> _ABOUT THIS TASK_
The records below are to be repeated exactly, and their pictures left out.
--- RECORDS FOR THE EXERCISE ---
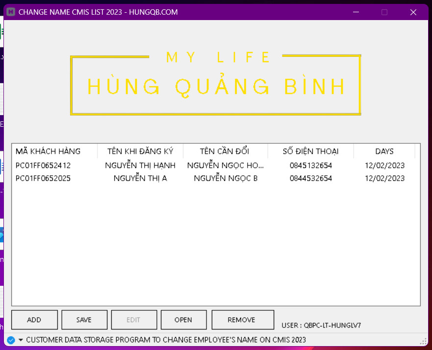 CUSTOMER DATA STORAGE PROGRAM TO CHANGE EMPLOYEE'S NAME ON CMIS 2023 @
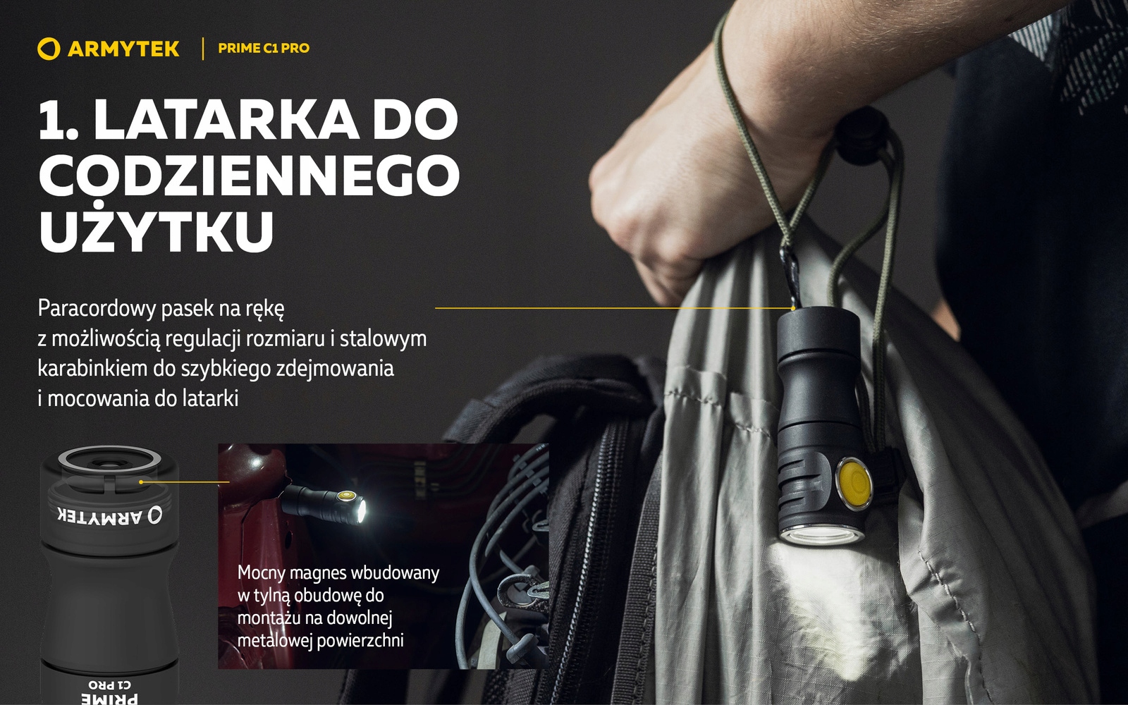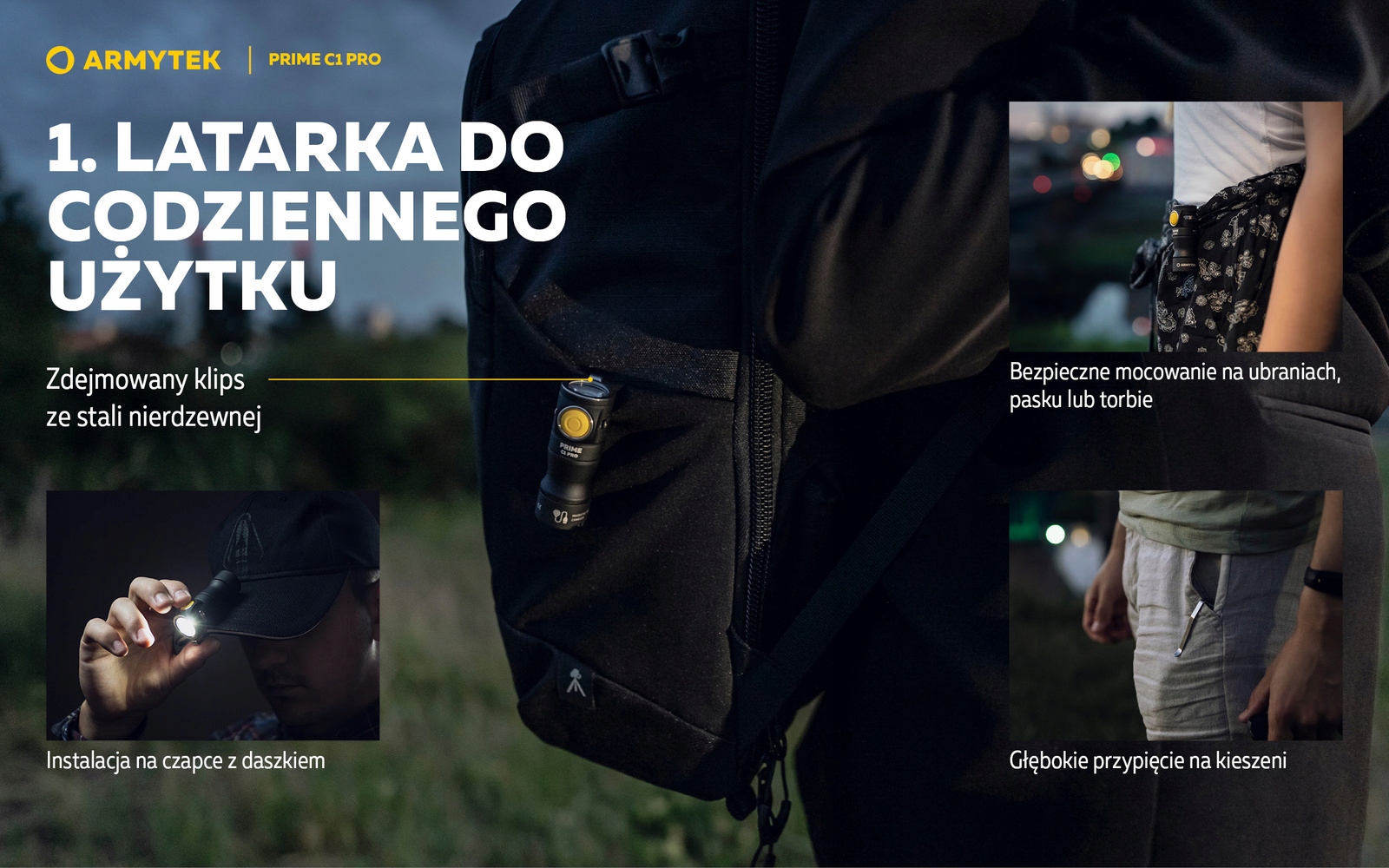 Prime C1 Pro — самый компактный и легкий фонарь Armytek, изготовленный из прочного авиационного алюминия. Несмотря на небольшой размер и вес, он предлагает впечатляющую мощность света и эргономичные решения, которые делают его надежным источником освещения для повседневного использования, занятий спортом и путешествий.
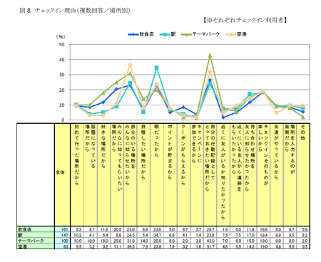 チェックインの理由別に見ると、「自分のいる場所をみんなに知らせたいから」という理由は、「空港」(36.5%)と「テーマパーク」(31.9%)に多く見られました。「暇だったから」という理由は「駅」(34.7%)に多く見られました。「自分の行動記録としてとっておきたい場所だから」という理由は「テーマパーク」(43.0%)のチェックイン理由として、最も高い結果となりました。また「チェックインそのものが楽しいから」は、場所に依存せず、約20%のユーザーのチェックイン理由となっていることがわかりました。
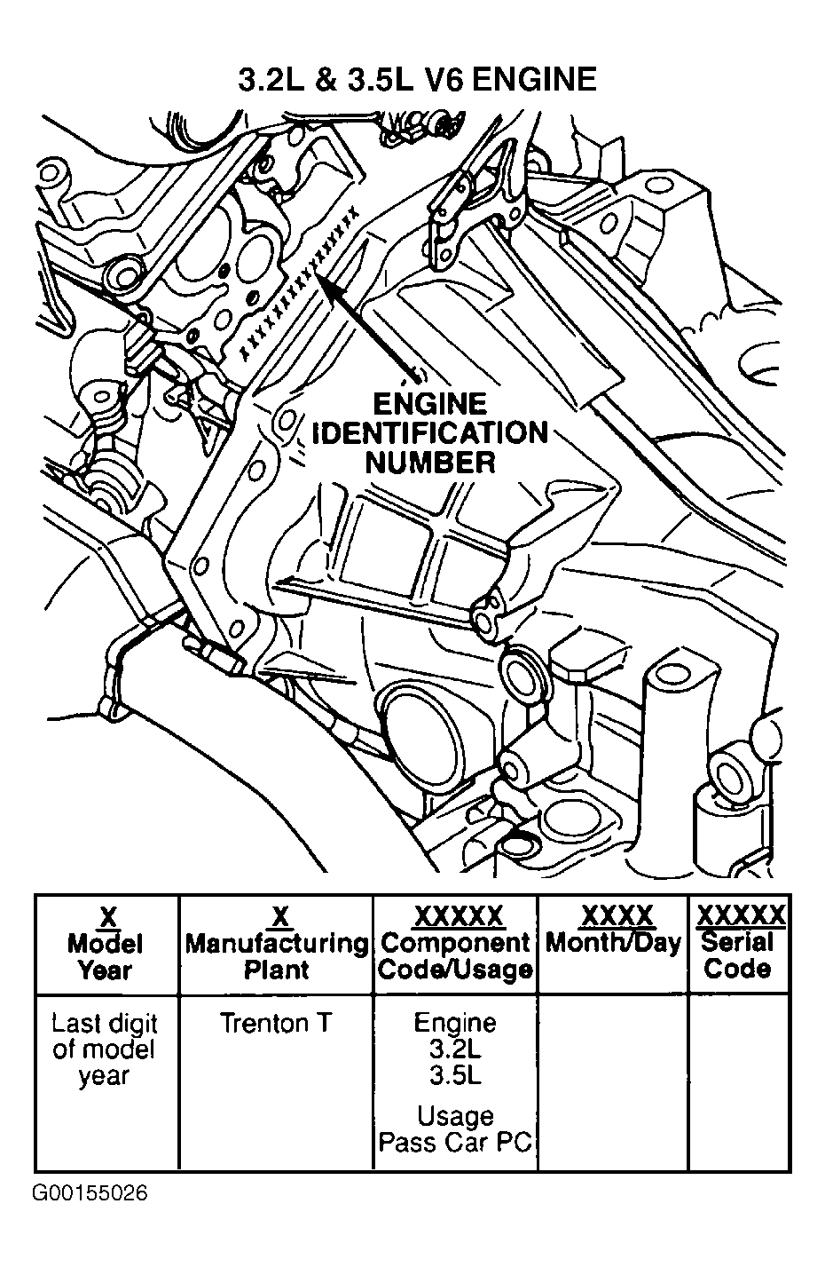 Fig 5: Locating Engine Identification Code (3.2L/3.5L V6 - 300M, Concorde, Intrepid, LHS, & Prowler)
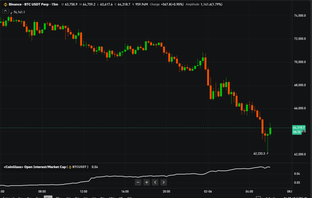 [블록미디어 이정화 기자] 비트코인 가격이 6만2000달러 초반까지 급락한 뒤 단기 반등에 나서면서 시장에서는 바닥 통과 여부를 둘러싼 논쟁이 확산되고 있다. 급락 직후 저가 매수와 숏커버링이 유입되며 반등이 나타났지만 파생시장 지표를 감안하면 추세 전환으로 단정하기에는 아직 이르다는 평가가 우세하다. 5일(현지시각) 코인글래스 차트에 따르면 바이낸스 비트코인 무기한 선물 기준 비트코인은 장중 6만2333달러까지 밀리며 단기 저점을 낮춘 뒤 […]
---
> _FINISHED EXERCISE_
 CUSTOMER DATA STORAGE PROGRAM TO CHANGE EMPLOYEE'S NAME ON CMIS 2023 @
 Prime C1 Pro — самый компактный и легкий фонарь Armytek, изготовленный из прочного авиационного алюминия. Несмотря на небольшой размер и вес, он предлагает впечатляющую мощность света и эргономичные решения, которые делают его надежным источником освещения для повседневного использования, занятий спортом и путешествий.
 チェックインの理由別に見ると、「自分のいる場所をみんなに知らせたいから」という理由は、「空港」(36.5%)と「テーマパーク」(31.9%)に多く見られました。「暇だったから」という理由は「駅」(34.7%)に多く見られました。「自分の行動記録としてとっておきたい場所だから」という理由は「テーマパーク」(43.0%)のチェックイン理由として、最も高い結果となりました。また「チェックインそのものが楽しいから」は、場所に依存せず、約20%のユーザーのチェックイン理由となっていることがわかりました。
 Fig 5: Locating Engine Identification Code (3.2L/3.5L V6 - 300M, Concorde, Intrepid, LHS, & Prowler)
 [블록미디어 이정화 기자] 비트코인 가격이 6만2000달러 초반까지 급락한 뒤 단기 반등에 나서면서 시장에서는 바닥 통과 여부를 둘러싼 논쟁이 확산되고 있다. 급락 직후 저가 매수와 숏커버링이 유입되며 반등이 나타났지만 파생시장 지표를 감안하면 추세 전환으로 단정하기에는 아직 이르다는 평가가 우세하다. 5일(현지시각) 코인글래스 차트에 따르면 바이낸스 비트코인 무기한 선물 기준 비트코인은 장중 6만2333달러까지 밀리며 단기 저점을 낮춘 뒤 […]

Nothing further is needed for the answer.